The example data path 224 also shows the NIC circuitry 210B using example local buffers and example VDMs to provide the received touch event to the touch control circuitry 208B without the use of the system memory 214B, OS 212B, or application 222B. Because the touch control circuitry 208A processes both external touch event data (from the NIC circuitry 210A) and local touch event data (from the touch monitor circuitry 202A), the example SoC 206A allows the OS 212A and application 222A to treat local touch data and external touch data as indistinguishable. This uniformity in packet processing reduces complexity for any additional operations the OS 212A and application 222A may perform with touch data (e.g., operations other than touch synchronization). Furthermore, by avoiding system memories, operating systems, and user space applications, the teachings of this disclosure can implement the data path 224 with latency in the sub-microsecond scale. Accordingly, the teachings of this disclosure can synchronize with less latency than other approaches, thereby improving performance and user experience.
FIG. 3 is a block diagram of an example implementation of the SoC 206A and system memory 214A of FIG. 2 . In the example of FIG. 3 , the SoC 206A includes the touch control circuitry 208A, the NIC circuitry 210A, example primary fabric circuitry 312, example sideband fabric circuitry 320, and example Power Management Controller (PMC) Always Running Timer (ART) circuitry 322. In some examples, the NIC circuitry 210A is implemented within the touch device 102A but outside the SoC 206A. The touch control circuitry 208A of FIG. 3 includes example control circuitry 302, example offload engine circuitry 304, example primary interface circuitry 310, example local timer circuitry 314, example message generator circuitry 316, and an example sideband interface circuitry 318. The example offload engine circuitry 304 includes example buffer manager circuitry 306, an example local touch buffer 307, example VDM generator circuitry 308. The NIC circuitry 210A of FIG. 3 includes example primary interface circuitry 311, example PTP timer circuitry 315, example message generator circuitry 317, example sideband interface circuitry 319, example offload engine circuitry 324, example direct memory access (DMA) engine circuitry 338, an example descriptor cache 344, example Medium Access Control (MAC) circuitry 346, and an example packet buffer 348. In the example of FIG. 3 , the system memory 214A includes an example receiver decoder ring 340 and an example decoder transmission ring 342. The example offload engine circuitry 324 includes example VDM generator circuitry 326, example buffer manager circuitry 330, an example local NIC buffer 332, example packet processor circuitry 334, and example configuration control registers 336.
Within the touch control circuitry 208A, the example control circuitry 302 of FIG. 3 coordinates touch synchronization within the touch control circuitry 208A in accordance with the teachings of this disclosure.
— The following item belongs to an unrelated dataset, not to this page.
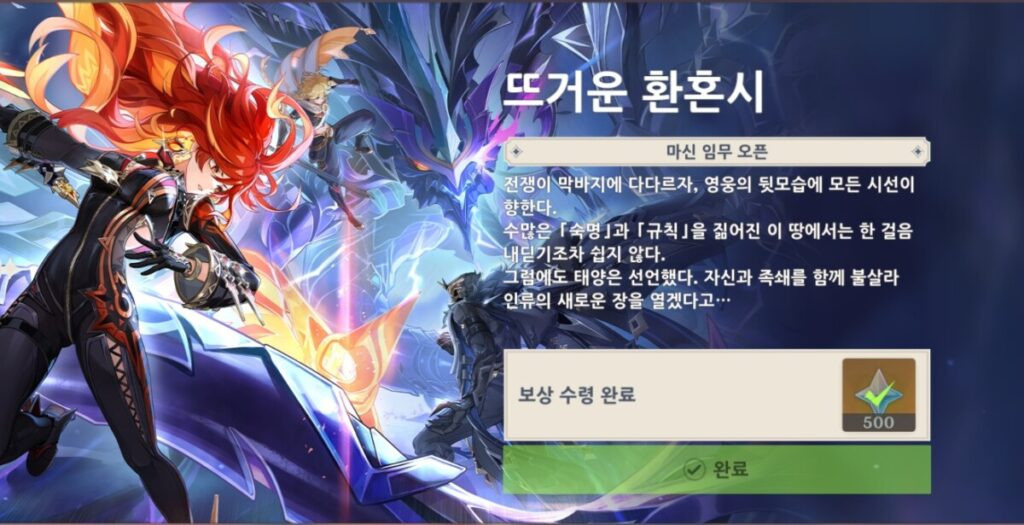 정해긴 기간 내 불의 신 '마비카'의 마신임무를 완료하시면 500개의 원석을 받으실 수 있습니다.

For example, when the touch monitor circuitry 202A generates a touch event, the control circuitry 302 determines which components should be notified of the touch event. The components may be internal to the touch device 102A (e.g., the OS 212A) and/or external to the touch device 102A (e.g., touch device 102B). If touch synchronization is currently enabled, then the control circuitry 302 identifies one or more external devices to notify and forwards the touch event to the buffer manager circuitry 306.
Within the touch control circuitry 208A, the example offload engine circuitry 304 of FIG. 3 enables the exchange of touch events with the NIC circuitry 210A in accordance with the teachings of this disclosure. The offload engine circuitry 304 includes the buffer manager circuitry 306, which controls payloads (e.g., the size and content of packets) sent to the NIC circuitry 210A using the local touch buffer 307. The local touch buffer 307 is an amount of memory within the touch control circuitry 208A that stores the stores touch events. The buffer manager circuitry 306 may determine when to send a packet to the NIC circuitry 210A, how many touch events to include in said packet, etc. For example, if the local touch buffer 307 is not empty when a touch event is received, the buffer manager circuitry 306 may generate a write request to the NIC circuitry 210A. After receiving an acknowledgement request from the NIC circuitry 210A, the buffer manager circuitry 306 then causes transmission of the touch event. If the local touch buffer 307 is empty when a touch event is received, the buffer manager circuitry 306 may write the touch event in the buffer until a threshold number of touch events can be packaged into a single packet.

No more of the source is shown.